In a letter sent yesterday to Gov. Linda Lingle, Mayor Mufi Hannemann threatened to seek a court order to have the state Department of Taxation collect the taxes if it refused to do so.
The three-page letter asks Attorney General Mark Bennett's office to give a legal explanation by Friday as to why the state would not be able to collect the taxes beginning Jan. 1.
"We really need to know from the state, why can't they follow through and obey the law?" Hannemann said.
Bennett, who is in California, said he could not comment on the letter until he returned to Hawaii on Tuesday. Tax Director Kurt Kawafuchi did not return calls seeking comment.
The governor and the mayor have been sniping at each other for months over the collection of the tax.
Lingle maintains that the Tax Department cannot collect the taxes because the Legislature did not approve funds to pay for the extra costs. She was on Maui yesterday and would review the letter, said her spokesman, Russell Pang.
But Hannemann said a computer vendor with the Tax Department needs to sign a contract by July 1 to be able to collect the taxes next year.

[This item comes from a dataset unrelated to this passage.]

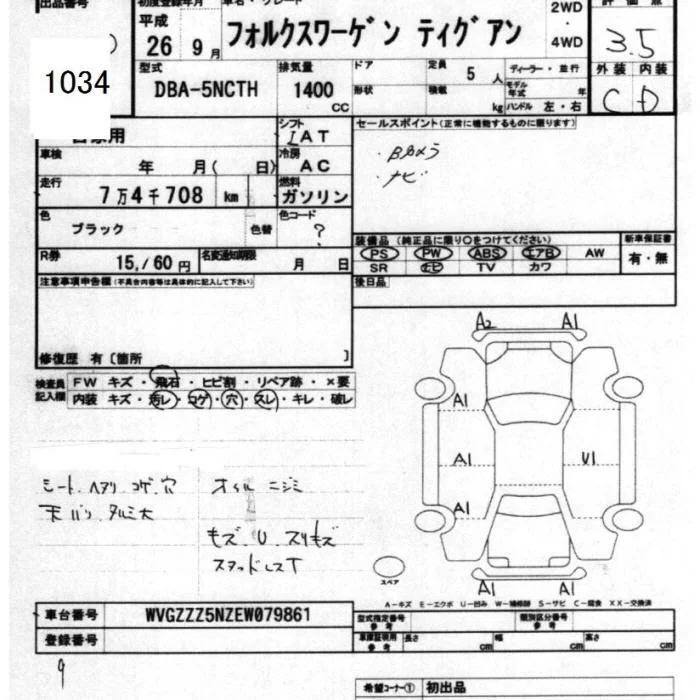 Volkswagen TIGUAN с аукциона Японии JU Chiba лот № 1034

"Any delay in the collection of the county surcharge on state tax would result in the delay of the city's planned mass transit project," the mayor wrote in the letter. "Such delay may also jeopardize federal funding."
Last year, lawmakers gave the city the authority to levy the new tax for city transit projects, but it also designated that the state should collect the tax. The new county surcharge would add 0.5 percent for Honolulu to the 4 percent general excise tax being paid statewide.

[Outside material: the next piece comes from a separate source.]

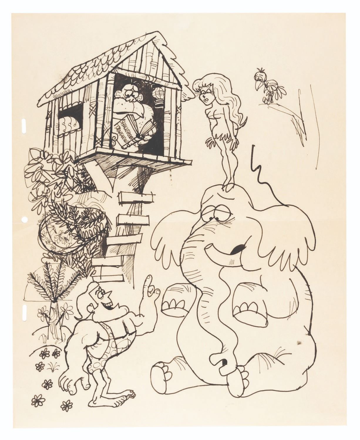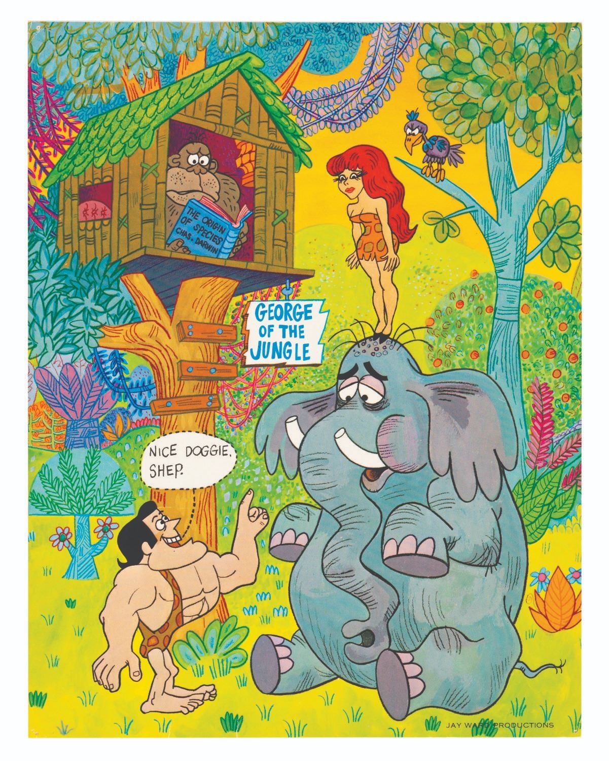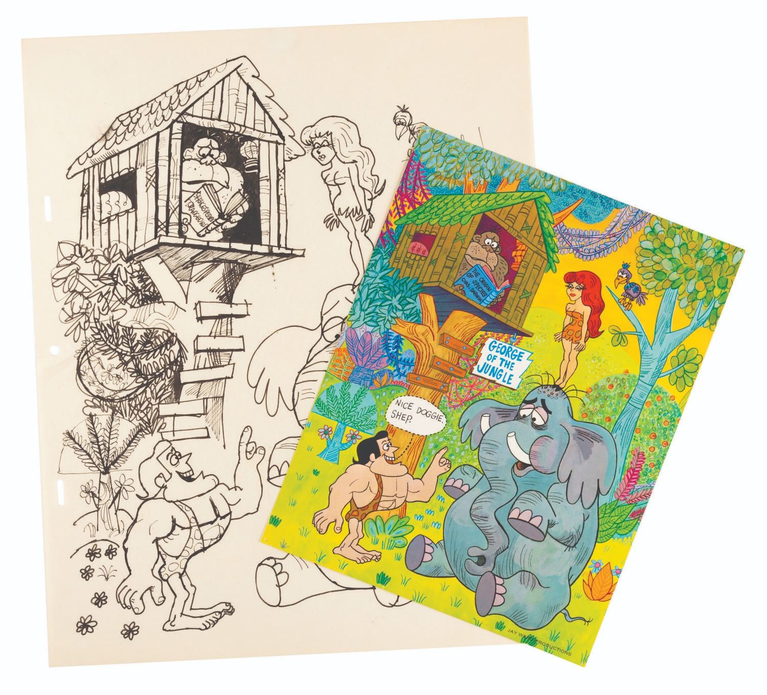 (Ward, 1967) An original hand-drawn illustration for “George of the Jungle” for promotion or merchandise, paired with the final color print. Measuring 15.5” x 12.5”, the ink illustration displays in good condition with light edge wear, creasing, smudging, a horizontal fold across the center, and light discoloration from age. The color print measuring 8.5” x 11” is in very good condition with corner pinholes.

Lingle tried unsuccessfully this past session to get the law changed so that the city would collect the tax.
Funding to assist the state Tax Department to prepare to collect the tax was nixed in the final days of the legislative session.
Lingle said she would consider a request from legislative leaders to go back into a special session to fix the problem.
The mayor said he is also open to having lawmakers reconvene.
"I also asked them, Do they have any other ideas to remedy this situation?" Hannemann said.